Четвертая лекция противопоставляет трагическому мировоззрению философскую терапию Платона и Аристотеля. У раннего Платона зло выглядит следствием неведения: если человек действительно знает благо, он не изберет худшее. Однако фигура Фрасимаха в «Государстве» разрушает этот оптимизм. Перед Сократом оказывается не просто плохо информированный человек, а личность, не желающая истины и использующая речь ради господства. Зрелый Платон поэтому видит зло как глубокую неупорядоченность души, своего рода метафизический бунт против условий собственного бытия. Аристотель переносит проблему ближе к повседневному нравственному опыту: акрасия, слабость воли, показывает, что человек может знать правильное и все-таки поступать иначе. Пятая лекция возвращает разговор к Еврейской Библии и читает ранние главы Бытия прежде всего как повествование о соперничестве человека с Богом: грех — это притязание самому стать окончательным судьей добра и зла. Грехопадение, Каин и Вавилон образуют нарастающую дугу отчуждения, в которой человеческая свобода не создает новую онтологическую субстанцию зла, но актуализирует возможность мятежа внутри благого творения. Шестая лекция сознательно усложняет эту картину через библейскую мудрость. Авраам, Содом, жертвоприношение Исаака и особенно Иов не позволяют свести страдание к механическому воздаянию за личную вину. Здесь возникает одна из важнейших богословских идей курса: вера не всегда получает причинное объяснение страдания. Страх Господень становится не интеллектуальной капитуляцией, а признанием ограниченности человеческой перспективы перед тайной Бога.

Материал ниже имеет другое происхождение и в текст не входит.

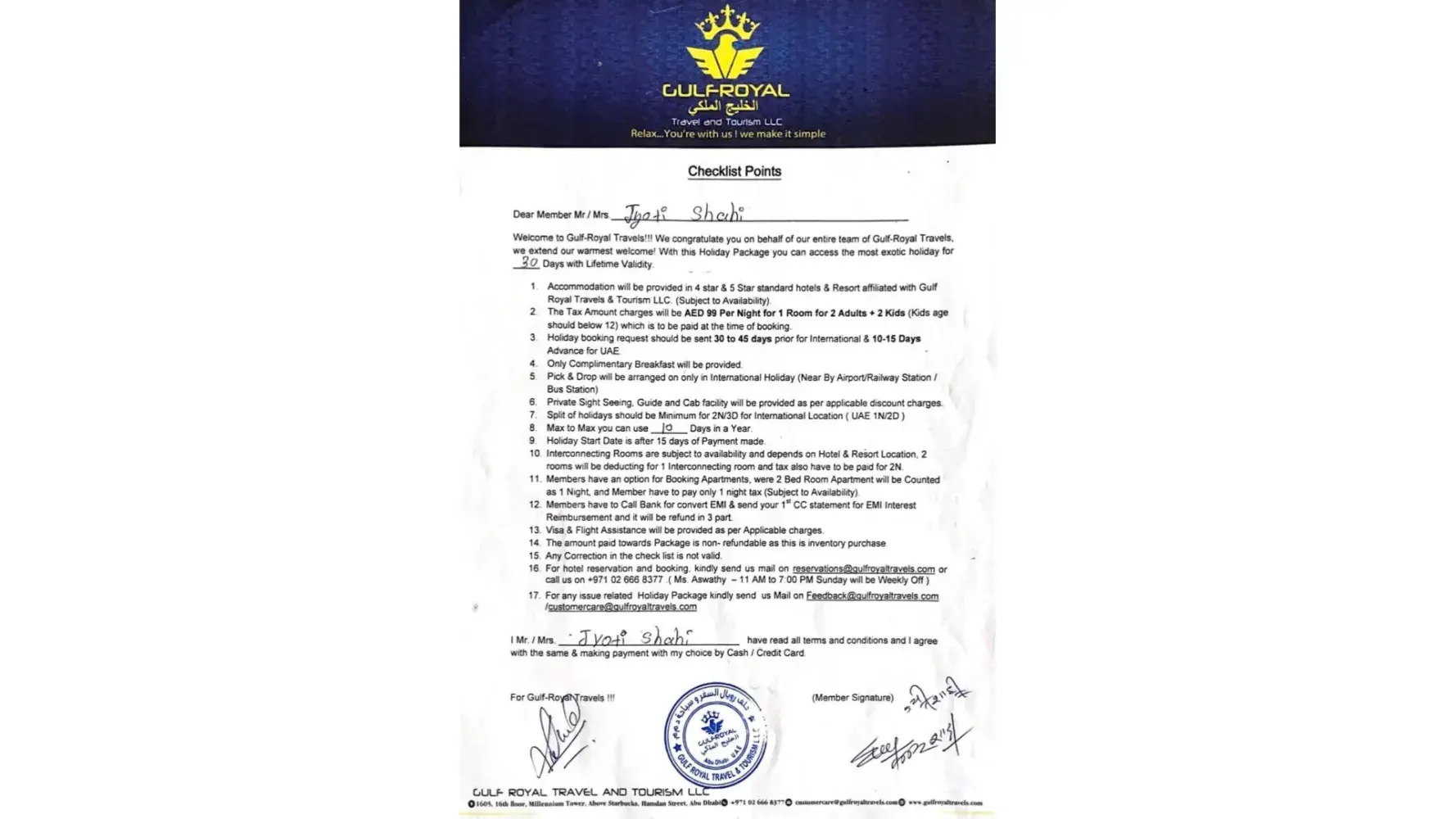 My parents unknowingly went to the meeting in Marriott hotel organized by Gulf royal travels. After all the false promises, my parents took the membership thinking it will be beneficial for their kids.

Седьмая лекция показывает, как христианское Писание соединяет несколько линий одновременно: апокалиптическую борьбу Бога с враждебными силами, личную ответственность и павловское представление о солидарности человечества в Адаме и Христе. Зло оказывается одновременно космическим, историческим и внутренним. Для раннего христианства победа уже совершена во Христе, но ее полнота еще ожидается; именно это напряжение «уже — еще нет» позволяет говорить о реальности зла, не признавая его окончательным господином истории. Восьмая лекция посвящена Иринею Лионскому, у которого Мэтьюз обнаруживает наиболее значительное раннехристианское основание для модели «созидания души»: человек сотворен благим, но еще незрелым, а путь к подобию Божию предполагает становление. Ириней особенно важен как антигностический мыслитель: материальный мир не ошибка и не тюрьма, а место осуществления Божьего замысла. Вместе с тем курс честно ставит болезненный вопрос: если зло необходимо для роста, что сказать о страдании, которое не воспитывает, а ломает и убивает? Девятая лекция предлагает августиновский ответ. В полемике с манихейским дуализмом Августин не дает злу самостоятельного бытия: зло есть повреждение, лишенность, паразитирование на благе. Причина нравственного зла переносится в волю и в беспорядок любви — человек любит реальные блага, но любит их неверным образом и в неверной иерархии. Отсюда же возникает августиновская глубина учения о первородном грехе: поврежденность не исчерпывается отдельными плохими решениями. Особенно ценно, что Мэтьюз не превращает Августина в поставщика простого логического решения; проблема первоначального отпадения свободной и благой воли от Бога остается тайной внутри самой августиновской системы.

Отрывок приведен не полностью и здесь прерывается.